45555.54545456?.toString().split(".")[1]?.length
value null check before converting it to string, then convert it to string, split it, get the decimal part, add nullcheck, and get length, if there is number with decimals, you get the amount of those decimals, else you get undefined.
//console.log("should give error:", null.toString().split(".")[1]?.length);
console.log("should give undefined:", null?.toString().split(".")[1]?.length);
//console.log("should give error:", 45555.toString().split(".")[1]?.length);
console.log("should give undefined:", 45555?.toString().split(".")[1]?.length);
//console.log("should give error:", 45555?.toString().split(".")[1].length);
console.log("should give amount of decimals:", 45555.54545456?.toString().split(".")[1]?.length);
console.log("should return without decimals when undefined:", 45555.54545456.toFixed(undefined));
An optimized version of nick answer.
The function requires that n is a string. This function gets the decimal even if there all 0, like 1.00 -> 2 decimals.
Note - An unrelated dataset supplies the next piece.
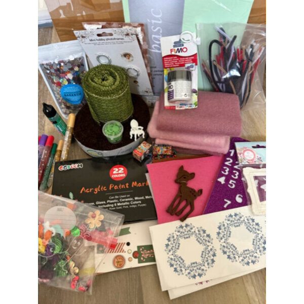 Hier bekommst du ein buntes Paket mit ganz tollen Sachen bestehend aus Papier , Filzstifte, Sticker, Deko Teile. Floristik, Kleber Bänder schleifen etc Lass dich überraschen Das Foto zeigt nur einen Teilausschnitt. Verrückte 5 Kilo !!

function getDecimalPlaces(n) {
var i = n.indexOf($DecimalSeparator)
return i > 0 ? n.length - i - 1 : 0
}
console.log(getDecimalPlaces("5555.0")); // 1
console.log(getDecimalPlaces("5555")); // 0
console.log(getDecimalPlaces("555.5")); // 1
console.log(getDecimalPlaces("555.50")); // 2
console.log(getDecimalPlaces("0.0000005")); // 7
console.log(getDecimalPlaces("0.00000055")); // 8
console.log(getDecimalPlaces("0.00005500")); // 8
If you have very small values, use the below code:
Number.prototype.countDecimals = function () {
if (Math.floor(this.valueOf()) === this.valueOf()) return 0;
var str = this.toString();
if (str.indexOf(".") !== -1 && str.indexOf("-") !== -1) {
return parseInt(str.split("-")[1])+str.split("-")[0].split(".")[1].length-1
} else if (str.indexOf(".") !== -1) {
return str.split(".")[1].length || 0;
}
return str.split("-")[1] || 0;
}
var num = 10
console.log(num.countDecimals()) //0
num = 1.23
console.log(num.countDecimals()) //2
num = 1.454689451
console.log(num.countDecimals()) //9
num = 1.234212344244323e-7
console.log(num.countDecimals()) //22
Based on gion_13 answer I came up with this:
function decimalPlaces(n){
let result= /^-?[0-9]+\.([0-9]+)$/.exec(n);
return result === null ? 0 : result[1].length;
}
for (const x of [
0, 1.0, 1.00, 0.123, 1e-3, 3.14, 2.e-3, -3.14e-21,
5555.0, 5555, 555.5, 555.50, 0.0000005, 5e-7, 0.00000055, 5e-8,
0.000006, 0.0000007,
0.123, 0.121, 0.1215
]) console.log(x, '->', decimalPlaces(x));
It fixes the returning 1 when there are no decimal places. As far as I can tell this works without errors.